AI-first WordPress plugin for automating and orchestrating content workflows with a visual pipeline builder, conversational chat agent, REST API, and extensibility through handlers and tools.

Agent-First Architecture

Data Machine is designed for AI agents as primary users, not just tool operators.

The Self-Orchestration Pattern

While humans use Data Machine to automate content workflows, AI agents can use it to automate themselves:

┌─────────────┐     ┌─────────────┐     ┌─────────────┐     ┌─────────────┐
│   AGENT     │ ──▶ │   QUEUE     │ ──▶ │  PIPELINE   │ ──▶ │ AGENT PING  │
│ queues task │     │  persists   │     │  executes   │     │  wakes agent│
│             │     │  context    │     │             │     │             │
└─────────────┘     └─────────────┘     └─────────────┘     └──────┬──────┘
       ▲                                                          │
       └──────────────────────────────────────────────────────────┘
                         Agent processes, queues next task

Key concepts:

  • Prompt Queue as Project Memory: Queue items persist across sessions, storing project context that survives context window limits. Your multi-week project becomes a series of queued prompts.

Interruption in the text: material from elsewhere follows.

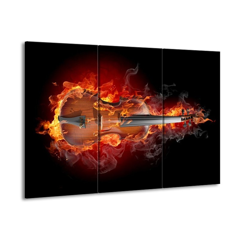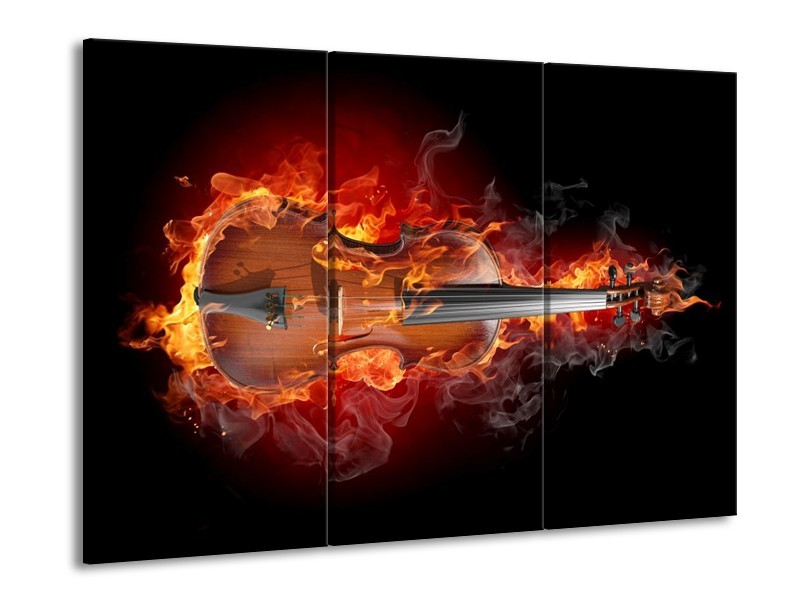 Canvas schilderij Gitaar | Rood, Zwart, Geel | 90x60cm 3Luik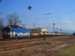 A private electric locomotive of class 40 with number 40 0656-5 of private operator BZK (BRC - Bulgarian Railway Company) crossing through railway stop Pavel Bania with freight train.

  • Agent Ping for Continuity: The agent_ping step type triggers external agents (via webhook) after pipeline completion. This is how the loop closes — you get notified when it's your turn to act. Agent Ping is outbound-only; inbound triggers use the REST API.

  • Phased Execution: Complex projects execute in stages over days or weeks. Each stage completes, pings the agent, and the agent queues the next stage.

  • Autonomous Loops: An agent can run indefinitely: process result → queue next task → sleep → wake on ping → repeat. Use explicit stop conditions to avoid runaway loops.

This transforms Data Machine from a content automation tool into a self-scheduling execution layer for AI agents.

System Architecture

  • Pipelines are reusable workflow templates that store handler order, tool selections, and AI settings.
  • Flows instantiate pipelines with schedule metadata, flow-level overrides, and runtime configuration values stored per flow.
  • Ephemeral Workflows (@since v0.8.0) are temporary, on-the-fly workflows triggered via the REST API. They skip database persistence for the workflow definition itself, using sentinel values (flow_id='direct', pipeline_id='direct') and dynamic configuration stored within the job's engine snapshot.
  • Jobs track individual flow executions, persist engine parameters, and power the fully React-based Jobs dashboard for real-time monitoring. Jobs support parent-child relationships for batch execution via parent_job_id.
  • Steps execute sequentially (Fetch → AI → Publish/Update) with shared base classes that enforce validation, logging, and engine data synchronization.

Multi-Agent Architecture

Data Machine supports multiple agents on a single WordPress installation (@since v0.36.1). Each agent has its own identity, memory, and resource scope.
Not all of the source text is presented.